Since its discovery, the aryl hydrocarbon receptor (AhR) has been recognized as an integral component of the carcinogenic process initiated by smoke-born polycyclic aromatic hydrocarbons and other carcinogens that result from incomplete combustion. The AhR regulates the expression of a group of genes encoding phase I cytochrome P450 monooxygenases, phase II conjugating enzymes, and phase III metabolite transporters that metabolize and dispose of PAH carcinogens, while also causing a limited level of reactive, mutagenic intermediates. Despite the pivotal importance of the AhR in the carcinogenic process in human lung, the underlying molecular mechanisms controlling AhR expression are not well established.

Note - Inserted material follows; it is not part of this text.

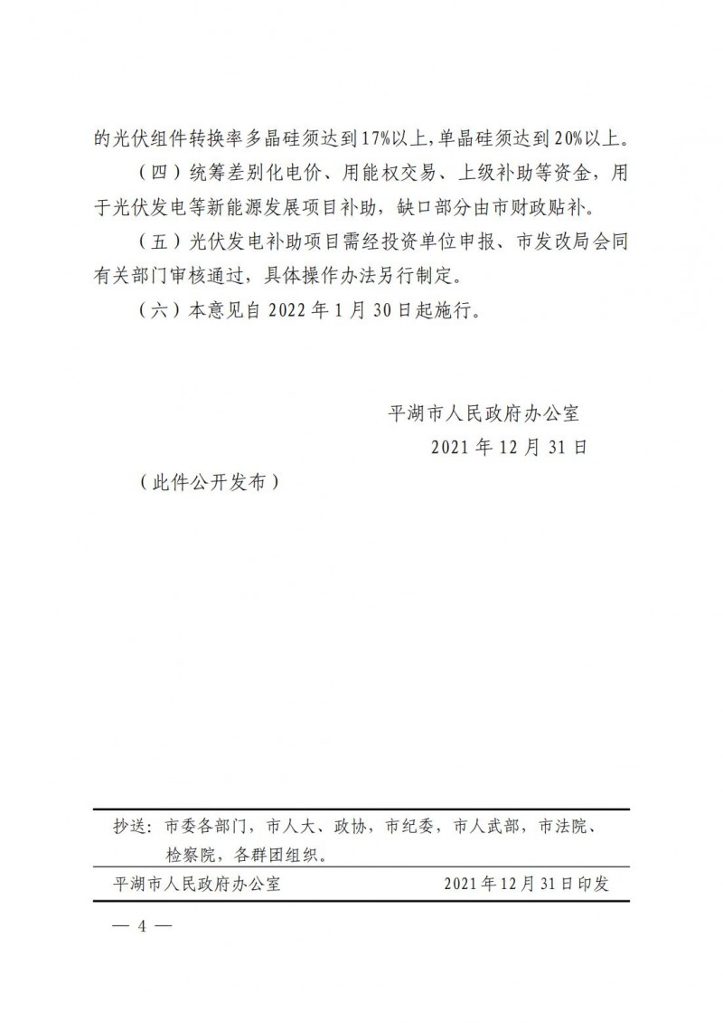 1月11日,平湖市人民政府發(fā)布了關(guān)于新一輪鼓勵(lì)光伏發(fā)電項(xiàng)目建設(shè)的若干意見。明確到“十四五”末,平湖市光伏發(fā)電裝機(jī)容量達(dá)到600兆瓦以上,實(shí)際新增200兆瓦以上,年平均新增裝機(jī)容量在40兆瓦以上。

Recently, we identified four novel variants of a repeat polymorphism, including two previously unreported single-nucleotide polymorphisms within the repeat, of the human AHR gene and have established a new method for analyzing them. These novel polymorphisms occur in a critical control region of the proximal promoter that contains multiple binding sites for specificity protein transcription factors. Our central hypothesis is tha these newly characterized AHR gene polymorphisms affect the transcriptional regulation of AhR expression, which in turn leads to altered expression and inducibility of the carcinogen-bioactivating enzymes as well as phase II and III pathways of deactivation.
The specific aims of our application are: 1) to determine the allelic frequencies of these novel polymorphisms of the AHR gene in normal tissue from lung cancer patients, and 2) to determine the roles of these novel polymorphisms in the transcriptional regulation of AhR expression. We will perform in vitro assays of transcription factor binding and AHR promoter activities in a lung tumor cell line and determine allelic expression of AhR mRNA in normal lung tissue from individuals heterozygous for these polymorphisms. These studies will determine the importance of novel polymorphisms in the AHR gene promoter on AhR expression and may ultimately lead to a clearer understanding of the genetic susceptibility to lung cancer.
Lung cancer continues to be a major public health concern and the leading cause of cancer-related death. Cigarette smoking has been identified as a major risk factor for the development of lung cancer, yet only about 10 to 20% of long-term smokers develop the disease. The susceptibility of some individuals to lung cancer is believed to be determined to a significant extent by the genetic makeup of the individuals. The aryl hydrocarbon receptor (AhR) is a key regulator of the deactivation of smoke-born carcinogens. Recently, we have identified novel variants of a repeat polymorphism in the AHR gene that are associated with the level of AhR expression. This project will begin the investigation of our hypothesis that these polymorphisms affect the level of AhR, the metabolism of carcinogens, and hence the genetic susceptibility to lung cancer.